- Origin: New Orleans, Louisiana, United States
- Genres: Jazz
- Past members: Frank Christian; Alfred Laine; Harry Gluck; Frank Lhotak; Jeff Loyacano; Achille Baquet; Jimmy Durante; Johnny Stein; Deacon Loyacano;

= Original New Orleans Jazz Band =

US musical group

The Original New Orleans Jazz Band was one of the first jazz bands to make recordings. Composed of mostly New Orleans musicians, the band was popular in New York City in the late 1910s.
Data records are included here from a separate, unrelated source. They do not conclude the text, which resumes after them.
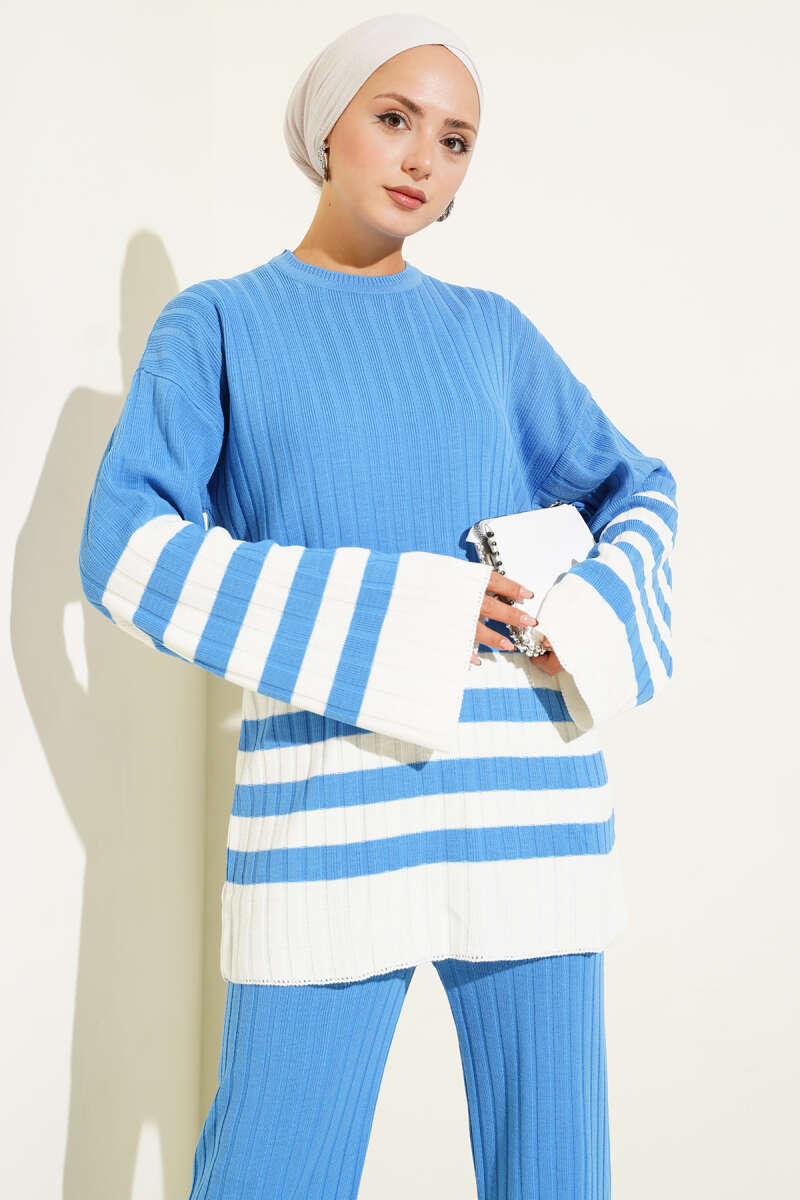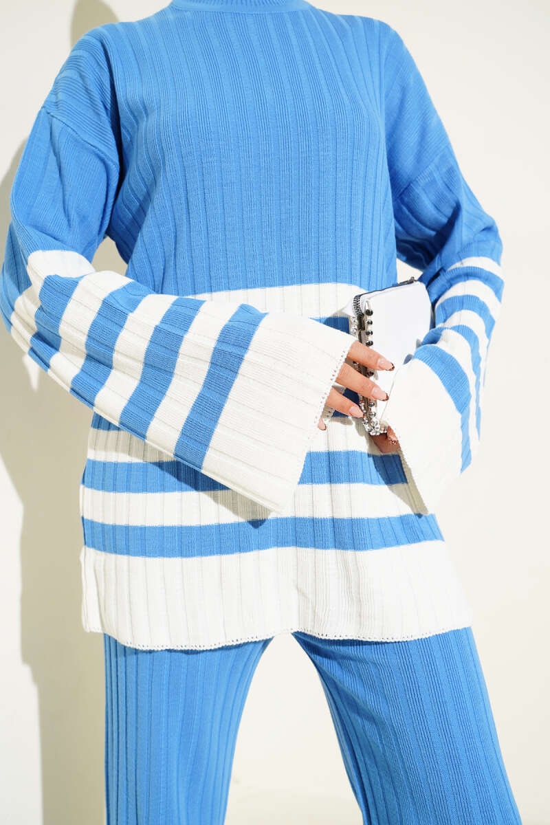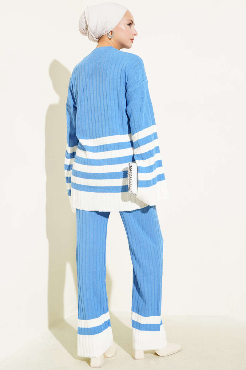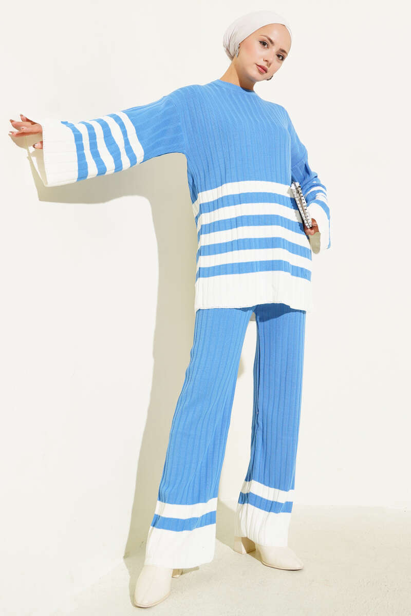 Taşlı Baklava Desen Triko İkili Takım Buz Mavisi
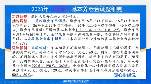 比如说山东省的养老金调整方案:定额调整每人每月增加41元;按缴费年限调整,是根据不同的缴费年限长短分别增加1.2元、1.4元、1.6元、1.8元和2.0元;按养老金水平增加,是增加本人基本养老金的1.25%。对于年满70周岁不满75周岁、年满75周岁不满80周岁和年满80周岁以上的老人,额外增加基本养老金15元、30元和60元。另外,还有对上年度内年满70周岁,75周岁和80周岁老人的额外养老金增加。
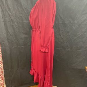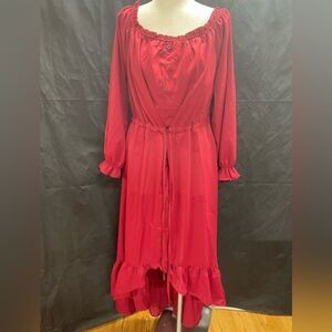 Dress is soft, has a drawstring waist, lined build in slip. Low to high
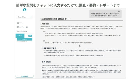株式会社ソフトクリエイト(本社:東京都渋谷区/代表取締役社長:林 宗治、以下 ソフトクリエイト)は、企業・団体向け生成AIサービス「Safe AI Gateway」に、新たに「Research Agent」機能を追加したことをお知らせいたします。
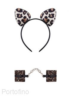 Комплект для ролевых игр Tigerlla Дикая кошка : ободок с ушками, наручники, соединенные съемной цепочкой.
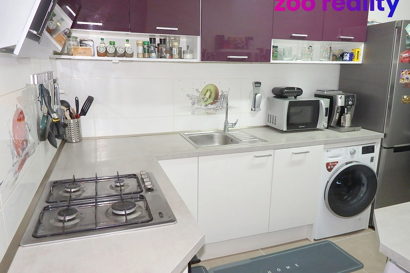 Byt se skládá z předsíně (9m2 podlahové plochy), obývacího pokoje (20m2 pp), kuchyně (10m2 pp), 2x ložnice po 12m2 pp, lodžie (6m2), koupelny a WC. K bytu patří komora na patře a sklep.
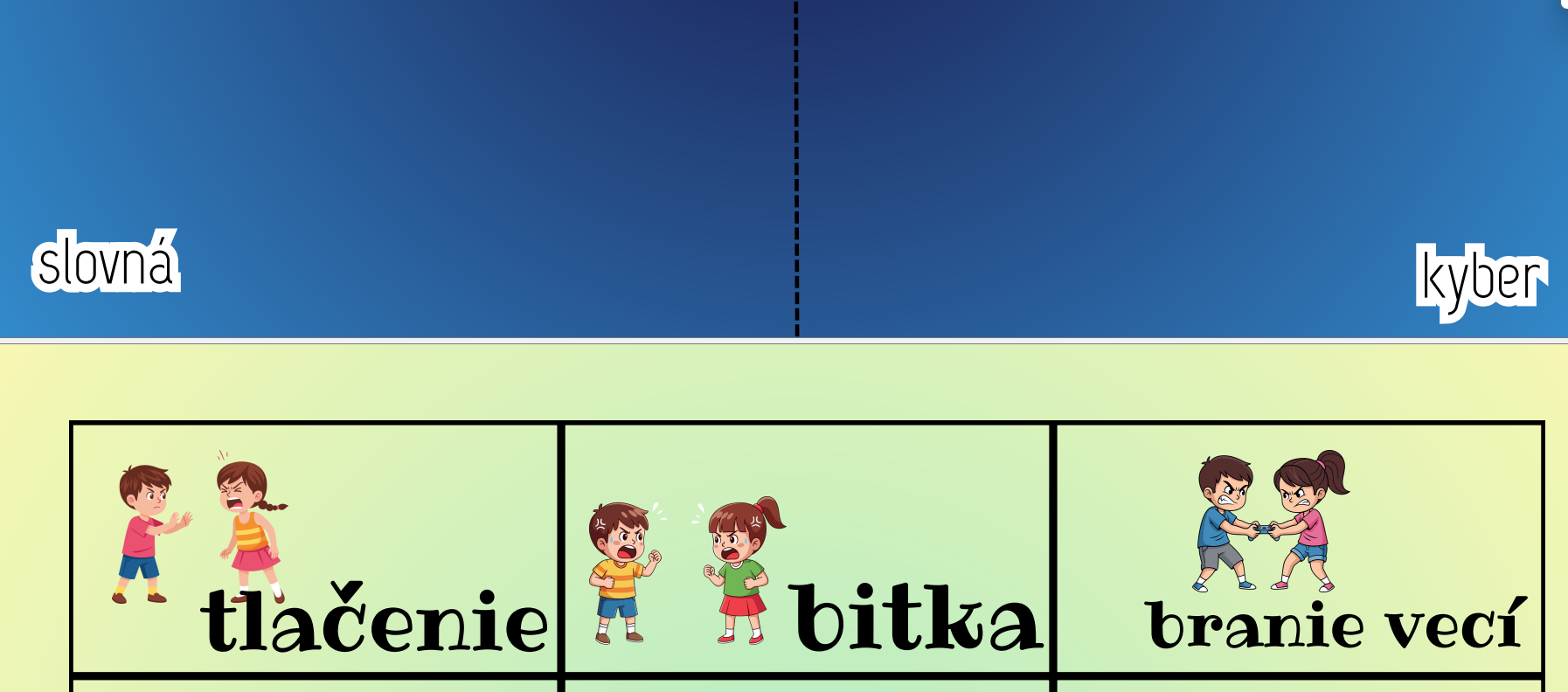 - Prevencia aj riešenie: Materiál pomáha budovať zdravú klímu v triede a dáva žiakom jasné návody, ako reagovať, ak sa niečo deje.
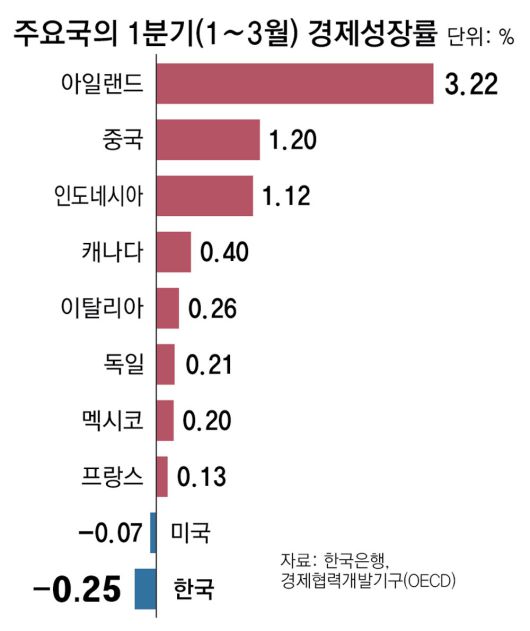 11일 한국은행과 경제협력개발기구(OECD) 등에 따르면 한국의 1분기(1∼3월) 국내총생산(GDP) 성장률(―0.25%)은 OECD 회원국과 중국 등 성장률을 발표한 주요국 19곳 가운데 가장 낮은 것으로 나타났다.
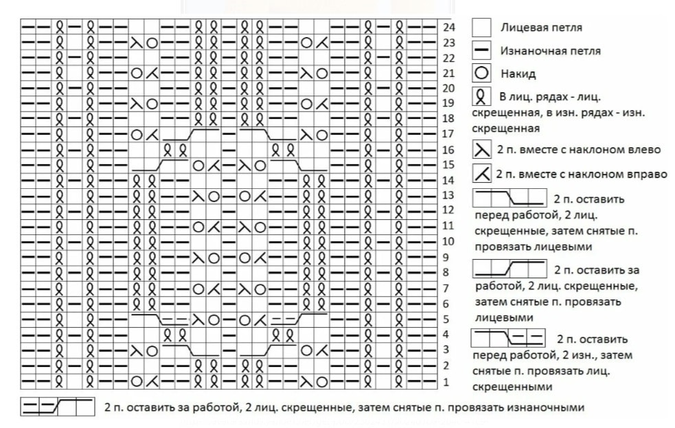 Раппорт узора состоит из 23 петель + 2 кромочные в ширину, и 24 рядов в высоту. На схеме приведены лицевые и изнаночные ряды.
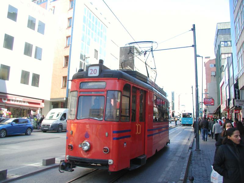 Dit tramlijntje is typisch een kort, toeristisch lijntje, enkelspoor door een drukke winkelstraat. Het tlijntje eindigt bij het Taksim-plein. Aardig is, dat ook etensstalletjes in de kleuren van de tram zijn geschilderd.
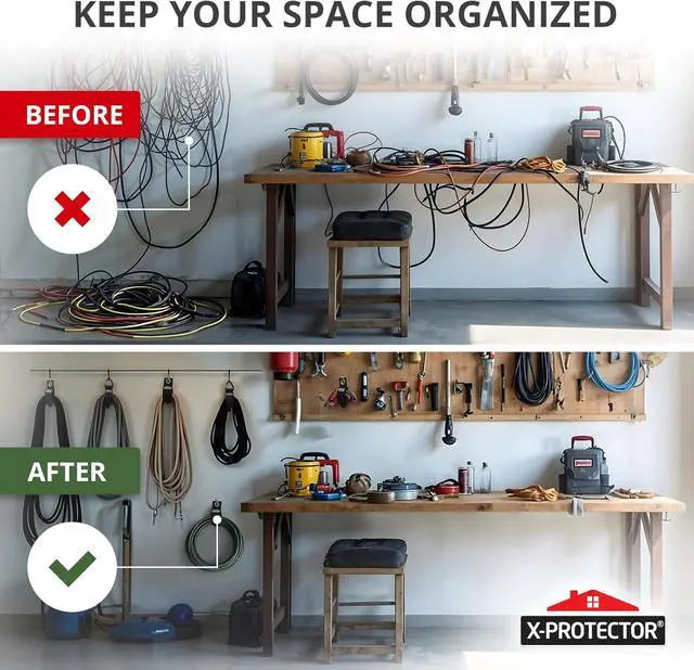 Heavy-Duty - X-Protector Peg Board Organizer Accessories are the ultimate solution for taming cords, hoses, and cables! X-Protector Cord Management holds up to 100 lbs and keeps your space tidy!
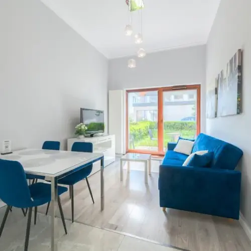 Ten urokliwy apartament oferuje komfortowe i stylowe wnętrze, które łączy elegancki minimalizm z przytulnością. W przestronnym salonie znajduje się rozkładana sofa w intensywnym odcieniu błękitu, doskonała zarówno do odpoczynku, jak i dodatkowego łóżka na noc. Uzupełnia ją prosty stolik kawowy oraz stół z czterema krzesłami, tworząc przestrzeń idealną do codziennych posiłków lub wspólnego spędzania czasu. Duże okna prowadzą na przytulny taras, który otacza zielony ogródek – doskonałe miejsce na relaks na świeżym powietrzu, z kawą w ręku lub przy dobrej literaturze. Aneks kuchenny wyposażony jest w nowoczesne urządzenia, w tym płytę indukcyjną, lodówkę, mikrofalę i czajnik elektryczny, co zapewnia wygodę przy gotowaniu zarówno podczas krótkich, jak i długich pobytów. Sypialnia to przestrzeń zaprojektowana z myślą o wygodzie i odpoczynku. Znajduje się tu łóżko małżeńskie oraz eleganckie meble: szafki nocne i duża szafa, oferująca sporo miejsca do przechowywania. Całość dopełnia minimalistyczna dekoracja oraz tapeta w subtelnym, ale nowoczesnym wzorze. Łazienka jest przykładem nowoczesnego designu z funkcjonalnymi rozwiązaniami. Przestronny prysznic z przezroczystymi drzwiami, elegancka umywalka oraz wysokiej jakości płytki, które tworzą atmosferę luksusu. W komplecie znajdują się również ręczniki, zestaw powitalnych kosmetyków oraz suszarka do włosów. Dzięki swojej funkcjonalności, nowoczesnemu wyposażeniu i wyjątkowemu stylowi, apartament stanowi doskonałe miejsce na wypoczynek i relaks w sercu miasta, łącząc elegancję z wygodą.
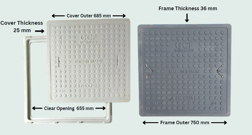 Name of the product: FRP 30 × 30 Inch GCP Grey & Ivory Manhole Cover (Chamber Cover)
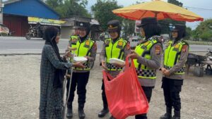 Selain patroli, Polwan Polres Pidie Jaya juga menggelar kegiatan Jumat Berkah dengan membagikan 40 kotak nasi kepada masyarakat sekitar. Aksi sosial ini disambut positif oleh warga yang merasa terbantu dan senang dengan kehadiran Polwan.
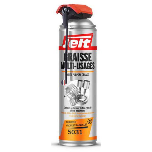 | Intitulé du produit | Graisse multi-usage Jelt, Aérosol brut/net: 650/500 mL, Nature du savon: Lithium/MoS2, Huile nature: Minérale |
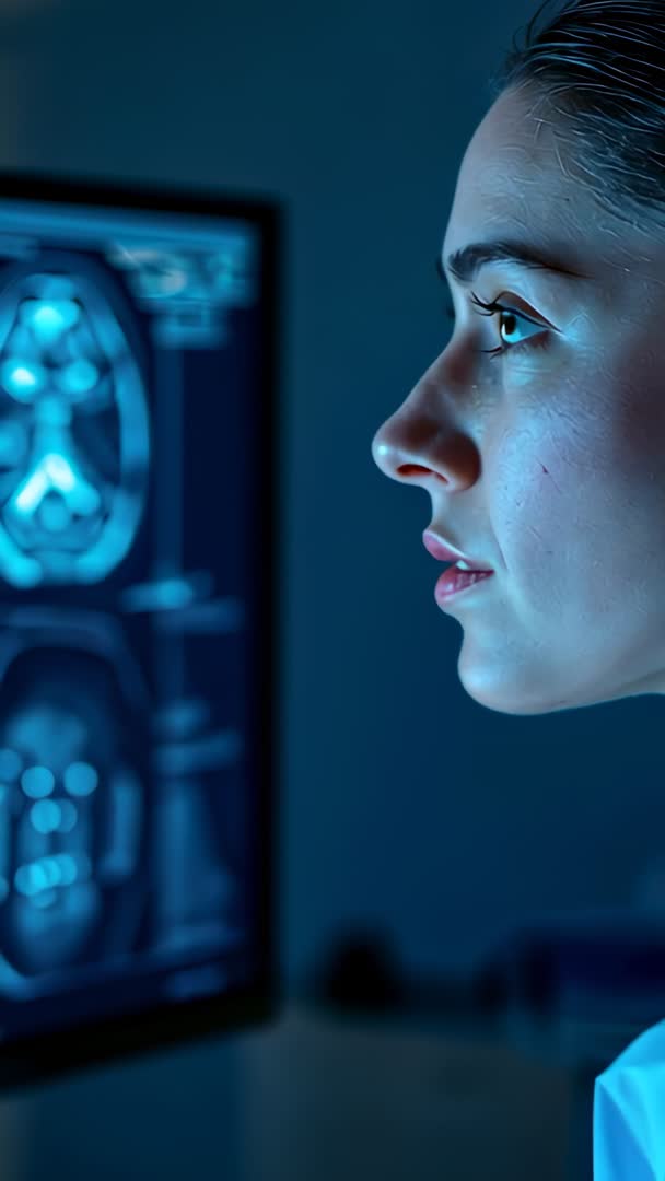 - Radiologist Examining Brain MRI on Monitor, Close-Up Vertical Medical Video for Neuroimaging
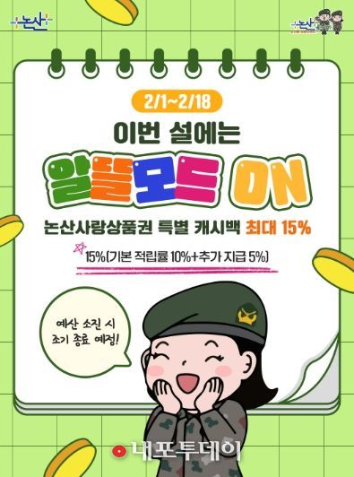 (내포투데이) 논산시가 설 명절을 맞아 지역 소비 활성화를 위해 ‘논산사랑상품권 특별 적립금(캐시백)’을 추진한다.
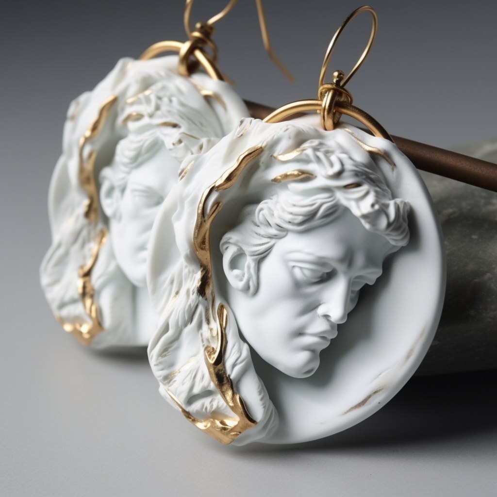 Создано на основе запроса: white and gold art jewelry earrings inspired by broken Greek sculptures
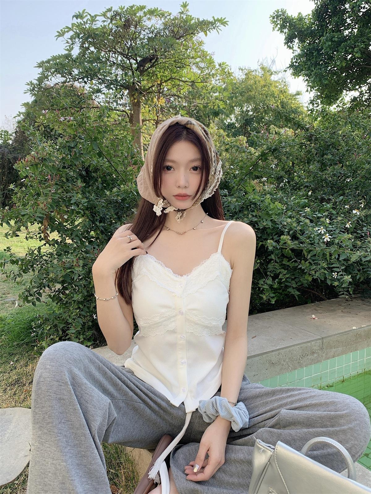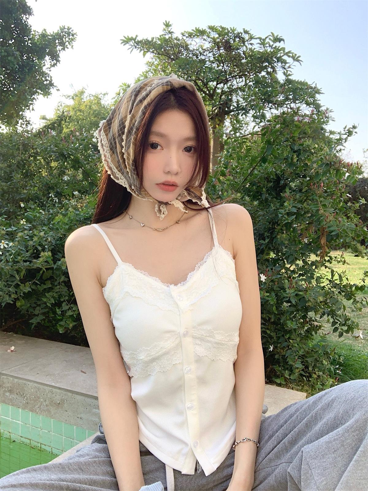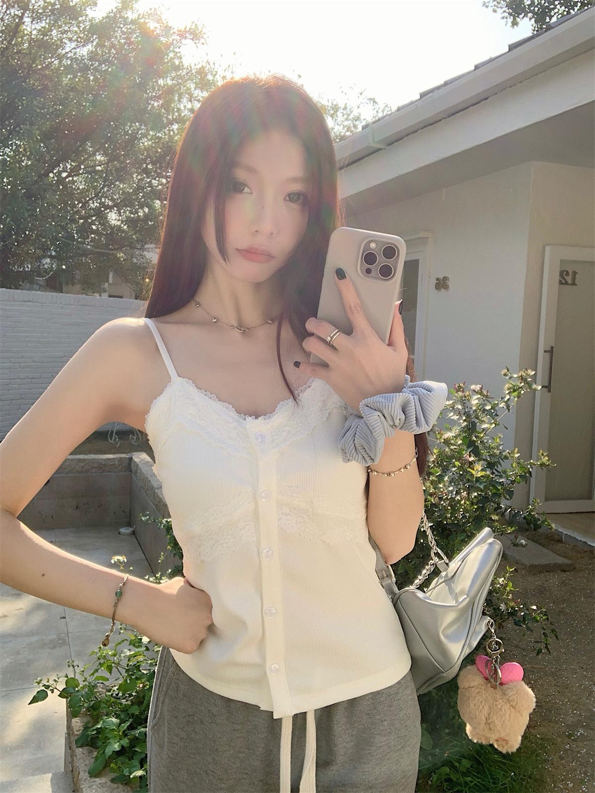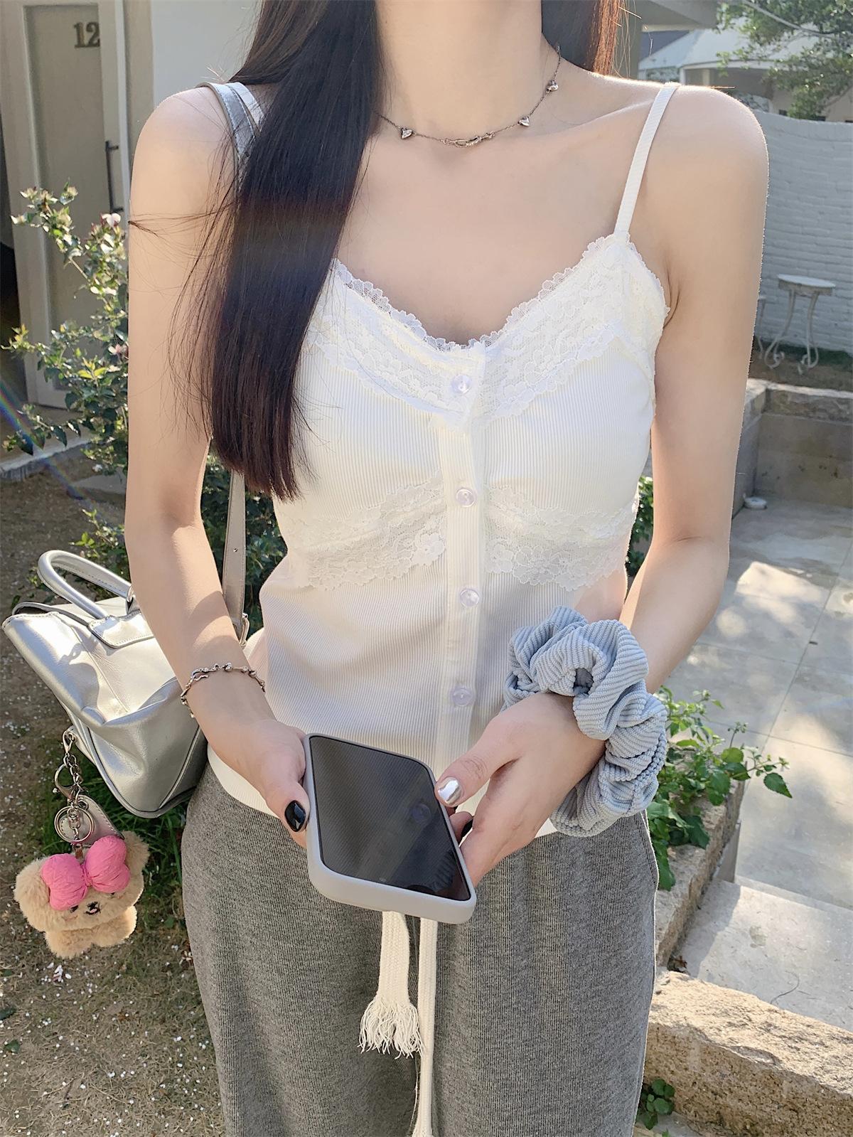 Foto real verano 2025 estilo coreano encaje puro botonadura sencilla tirante ajustable top camisola blanco

The group included some of the first New Orleans style players to follow the Original Dixieland Jass Band's success playing in Manhattan. Like the "ODJB", most were veterans of Papa Jack Laine's groups in New Orleans. Recordings of the group were issued by Gennett Records and Okeh Records. The group also reportedly recorded one or more sides for Emerson Records, which seem to have never been issued.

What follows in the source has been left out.